But first, I want to direct the attention of those in the US finance industry to a white paper written by Themis Trading, called "Toxic Equity Trading Order Flow on Wall Street." Basically, they outline why volume and volatility have jumped so much since 2007; and it's not due to the credit crisis. They estimate that 70% of the volume in today's markets is from high-frequency program trading. They outline how large brokers and funds can buy and sell a stock for the same price and still make 0.5 cents. Do that a million times a day and the money adds up. Or maybe do it 8 billion times. It requires powerful computers, complicity of the exchanges (because the exchanges get paid a lot), and highly proximate computer connections. Literally, the need for speed is so important that to play this game you have to have your servers physically at the exchange. Across the river in New Jersey is too slow. Forget Texas or California. This is a game played out in microseconds.

The retail world doesn't get to play. This is a game only for big boys who can afford to pay for the "arms" needed to fight this war. But the rest of us pay for the game, as that half cent is like a tax on transactions, not to mention the increased daily volatility, which skews pricing. Think it doesn't affect you? That "tax" is paid by mutual funds, your pension fund, and every large institution.

Frankly, this is outrageous. The more I read the madder I got. And it is going to get worse as computers get faster and software more intelligent. We need rules to level the playing field. Themis suggests one simple one: just make it a rule that all bids have to be good for at least one second. That would cure a lot of problems. One lousy second! In a world of microseconds, that is an eternity.

Goldman Sachs went after an employee who stole some of their latest and greatest software this last week. The US assistant attorney general said in the courtroom that the software had the potential to manipulate the market. Imagine that. I am shocked. There is gambling going on in the back room? Gee, commissioner, I had no idea.

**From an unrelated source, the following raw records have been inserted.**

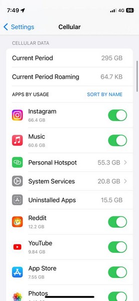 4. Se l'interruttore non è abilitato per detta app, puoi semplicementetoccalo per abilitarloAutorizzazione dati cellulare per il tuo iPhone.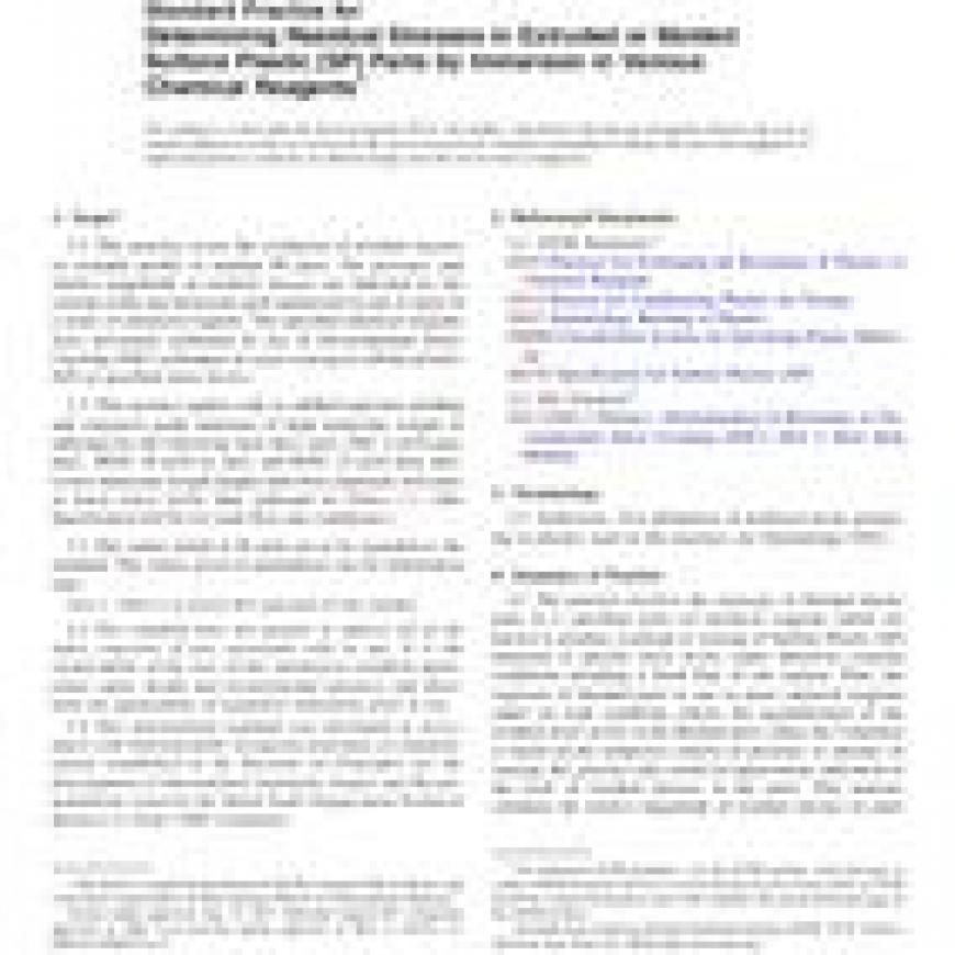 1.1This practice covers the evaluation of residual stresses in extruded profile or molded SP parts. The presence and relative magnitude of residual stresses are indicated by the crazing of the specimen part upon immersion in one or more of a series of chemical reagents. The specified chemical reagents were previously calibrated by use of Environmental Stress Cracking (ESC) techniques to cause crazing in sulfone plastics (SP) at specified stress levels.
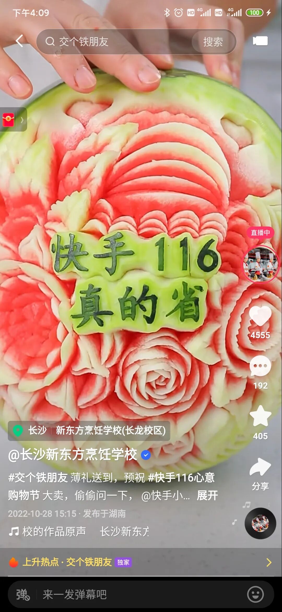 3 情投意合,做“会玩儿”的朋友。朋友之“铁”,“铁”在会玩儿。在快手电商送锅与联合说唱攻占全民视野、吸引注意的同时,11月2日,快手电商还与长沙新东方烹饪学院合体开启了一场兼具场景化、品牌化的直播,完成从心意种草到心意拔草的实效转化。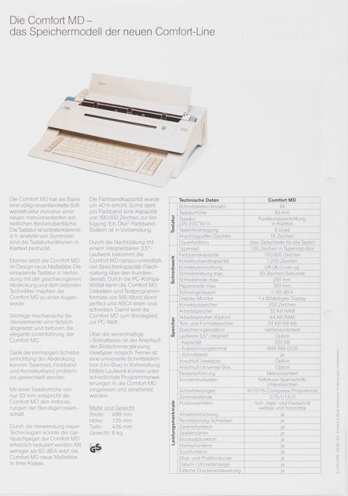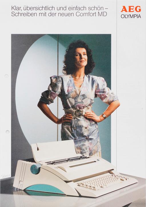 Prospekt für elektronische Schreibmaschine AEG Olympia Comfort MD Klar, übersichtlich und einfach schön Nr. 5/110/2701 03.90 WV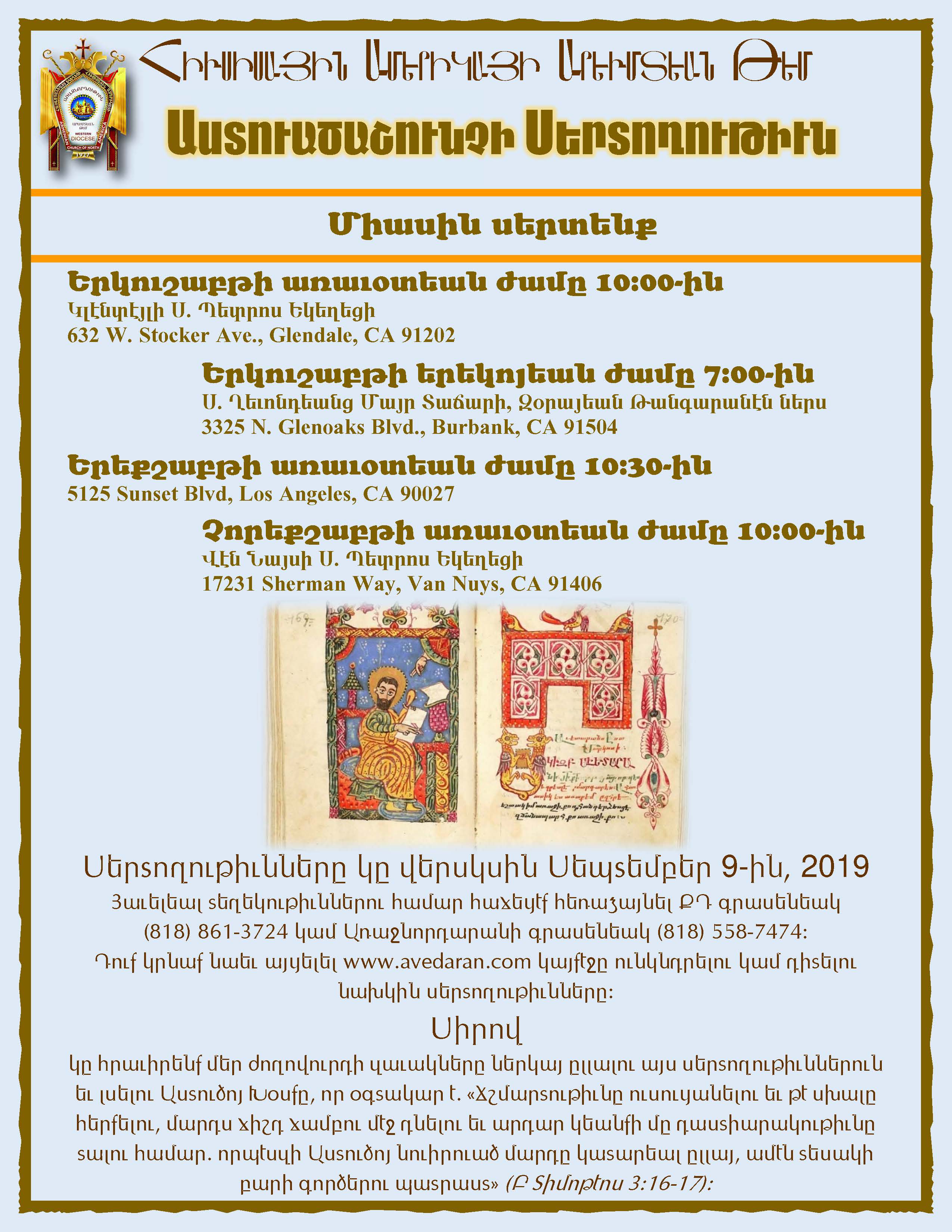 Wednesdays – 10 AM (St. Peter Armenian Church of Van Nuys – 17231 Sherman Way, Van Nuys, 91406)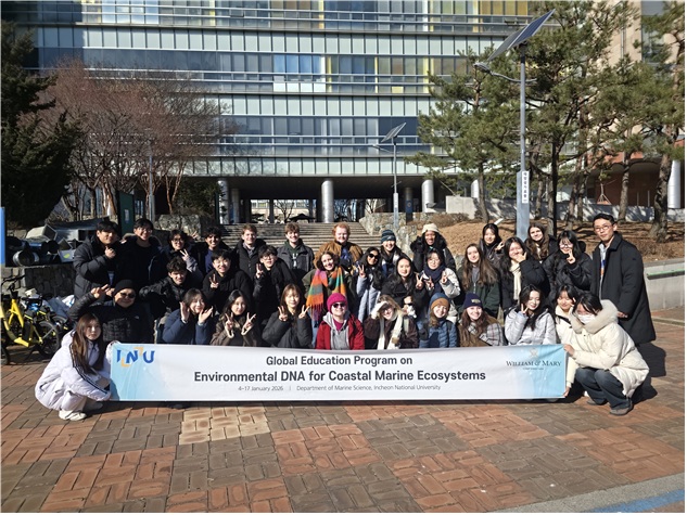 인천대학교 해양학과와 미국 William & Mary 대학이 공동으로 운영하는 국제 교육 프로그램 “Global eDNA Class”가 2026년 1월 인천대학교에서 진행되었다. 본 프로그램은 eDNA(environmental DNA; 환경DNA)를 활용한 해양생물다양성 연구를 중심으로, 첨단 과학 교육과 문화 교류를 결합한 글로벌 스터디 어브로드 과정이다.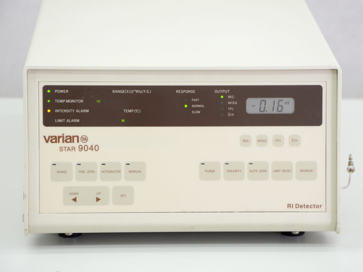 The refractive index detector of the brand Varian type Star 9040 is used in combination with high pressure liquid chromatographs to detect substances with limited or no UV absorption. The Varian Star 9040 is ideal for detecting, among other things, alcohols, sugars, fatty acids, polymers and carbohydrates.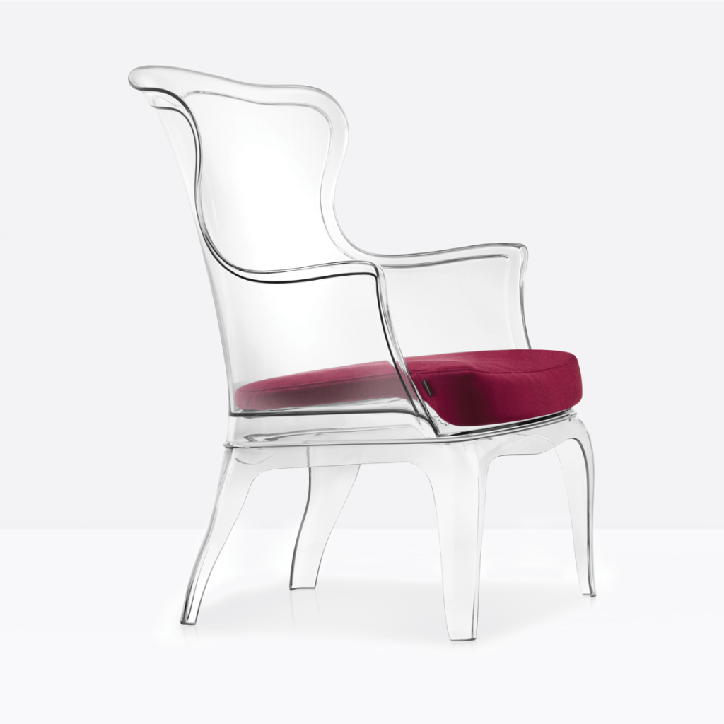 Poltroncina lounge, naturale estensione della poltrona, in polipropilene caricato con fibra di vetro, adatta sia per indoor che outdoor. La struttura dello schienale forma nella parte alta una grande maniglia che ne facilita il sollevamento e lo spostamento e le conferisce un distinto carattere. Grazie alla forma affusolata delle gambe appare leggera ed elegante, pur essendo robusta e indeformabile.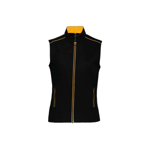 LADIES' DAYTODAY GILET EX KA614965% poliészter / 35% pamut60°C-on moshatóA jobb oldalon 1 nyitott mellzseb tolltartóvalBelül 1 névcímkeKontrasztos cipzár elöl középen és kontrasztos cipzáras zsebekKontrasztos paszpol a vállakonKontrasztos belső gallérr

All this "algo" (algorithmic) trading also gives a very false impression of volume. If you are a fund and see 10 million shares a day traded, you might feel comfortable that you could hold one million shares and exit your trade easily. But if 80% of the volume is false "algo" trading, that volume isn't really there. You may have a position that will be a problem if you want to exit, and not know it.

"High-frequency trading strategies have become a stealth tax on retail and institutional investors. While stock prices will probably go where they would have gone anyway, toxic trading takes money from real investors and gives it to the high frequency trader who has the best computer. The exchanges, ECNs and high frequency traders are slowly bleeding investors, causing their transaction costs to rise, and the investors don't even know it." (Themis Trading)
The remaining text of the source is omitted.